Drug diffusion (more precisely solid state diffusion) was mentioned earlier as one of the most common mechanisms of drug release. There are models that consider diffusion of solutes in polymers insignificant in comparison with diffusion in water-filled spaces in between polymer chains, so they assume that water uptake and subsequent solubilization of the drug is an important step in the release process and it is the solvated molecule that is actually diffusing [61]. This is the assumption behind biphasic diffusion that includes an initial diffusion phase through the polymer (either amorphous or semi-crystalline) and a second diffusion phase through water-filled pores formed in the fiber due to polymer swelling/chain rearrangement or polymer recrystallization [55, 62].

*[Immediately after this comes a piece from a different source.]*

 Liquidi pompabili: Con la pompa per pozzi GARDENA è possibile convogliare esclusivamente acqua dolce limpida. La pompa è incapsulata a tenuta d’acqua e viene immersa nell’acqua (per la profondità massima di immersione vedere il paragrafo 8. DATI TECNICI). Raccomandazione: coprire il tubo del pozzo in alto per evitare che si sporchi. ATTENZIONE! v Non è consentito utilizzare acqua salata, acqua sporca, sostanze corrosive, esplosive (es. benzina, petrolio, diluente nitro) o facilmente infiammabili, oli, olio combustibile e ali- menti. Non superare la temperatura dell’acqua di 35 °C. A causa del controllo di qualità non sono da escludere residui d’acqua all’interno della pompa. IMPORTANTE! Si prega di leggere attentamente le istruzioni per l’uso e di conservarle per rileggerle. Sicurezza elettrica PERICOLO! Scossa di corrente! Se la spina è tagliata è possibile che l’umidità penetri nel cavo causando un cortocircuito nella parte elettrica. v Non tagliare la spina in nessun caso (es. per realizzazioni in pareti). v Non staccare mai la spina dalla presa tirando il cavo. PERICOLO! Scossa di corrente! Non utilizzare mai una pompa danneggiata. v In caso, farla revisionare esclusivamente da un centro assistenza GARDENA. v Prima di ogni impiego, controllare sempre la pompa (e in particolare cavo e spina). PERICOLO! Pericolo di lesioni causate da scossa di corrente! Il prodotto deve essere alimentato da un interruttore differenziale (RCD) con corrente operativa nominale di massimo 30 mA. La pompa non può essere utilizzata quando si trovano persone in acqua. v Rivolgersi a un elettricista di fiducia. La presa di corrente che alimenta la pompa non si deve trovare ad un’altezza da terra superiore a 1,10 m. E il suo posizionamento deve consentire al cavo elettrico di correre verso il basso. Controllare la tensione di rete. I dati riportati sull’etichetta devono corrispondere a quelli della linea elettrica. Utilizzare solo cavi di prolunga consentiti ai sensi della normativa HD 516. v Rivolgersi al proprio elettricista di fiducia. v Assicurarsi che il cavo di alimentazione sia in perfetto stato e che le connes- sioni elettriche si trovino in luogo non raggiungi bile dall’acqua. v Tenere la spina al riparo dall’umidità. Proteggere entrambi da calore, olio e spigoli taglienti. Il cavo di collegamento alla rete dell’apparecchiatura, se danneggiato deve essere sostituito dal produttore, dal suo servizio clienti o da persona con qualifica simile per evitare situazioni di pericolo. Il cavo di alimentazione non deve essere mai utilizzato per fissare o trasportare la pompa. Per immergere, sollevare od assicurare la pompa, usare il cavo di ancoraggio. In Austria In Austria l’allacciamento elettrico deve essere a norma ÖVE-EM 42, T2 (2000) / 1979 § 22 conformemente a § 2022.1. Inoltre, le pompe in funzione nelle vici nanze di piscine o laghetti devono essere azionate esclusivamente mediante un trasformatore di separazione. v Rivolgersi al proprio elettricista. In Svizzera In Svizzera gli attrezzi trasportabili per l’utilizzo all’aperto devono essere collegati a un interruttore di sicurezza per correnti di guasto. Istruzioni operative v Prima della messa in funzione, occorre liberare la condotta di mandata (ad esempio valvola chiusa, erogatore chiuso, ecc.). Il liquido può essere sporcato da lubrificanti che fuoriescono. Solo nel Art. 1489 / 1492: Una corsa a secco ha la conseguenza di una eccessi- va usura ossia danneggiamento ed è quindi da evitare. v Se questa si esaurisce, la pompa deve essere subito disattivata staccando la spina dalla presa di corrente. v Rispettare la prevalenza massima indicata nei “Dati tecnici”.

The power law equation, which was developed considering that the main mechanism for drug release is drug diffusion through the polymer or solvent diffusion inside the polymer that produces polymer relaxation/chain rearrangement (Eq. 1) is the most widely used equation in works concerning drug release:

$$ {\frac{{m}_{t}}{{m}_{\rm tot}}} = {a}_0+ {kt}^{n} $$
(1)

where \(m_{t}/m_{\rm tot}\) is the fractional release of the drug at time \(t,\) \(a_0\) is a constant, representing the percentage of burst release, \(k\) is the kinetic constant and \(n\) is the release exponent, indicating the mechanism of drug release (which can either be Fickian drug diffusion or polymer relaxation or an intermediate case combining the two [63]).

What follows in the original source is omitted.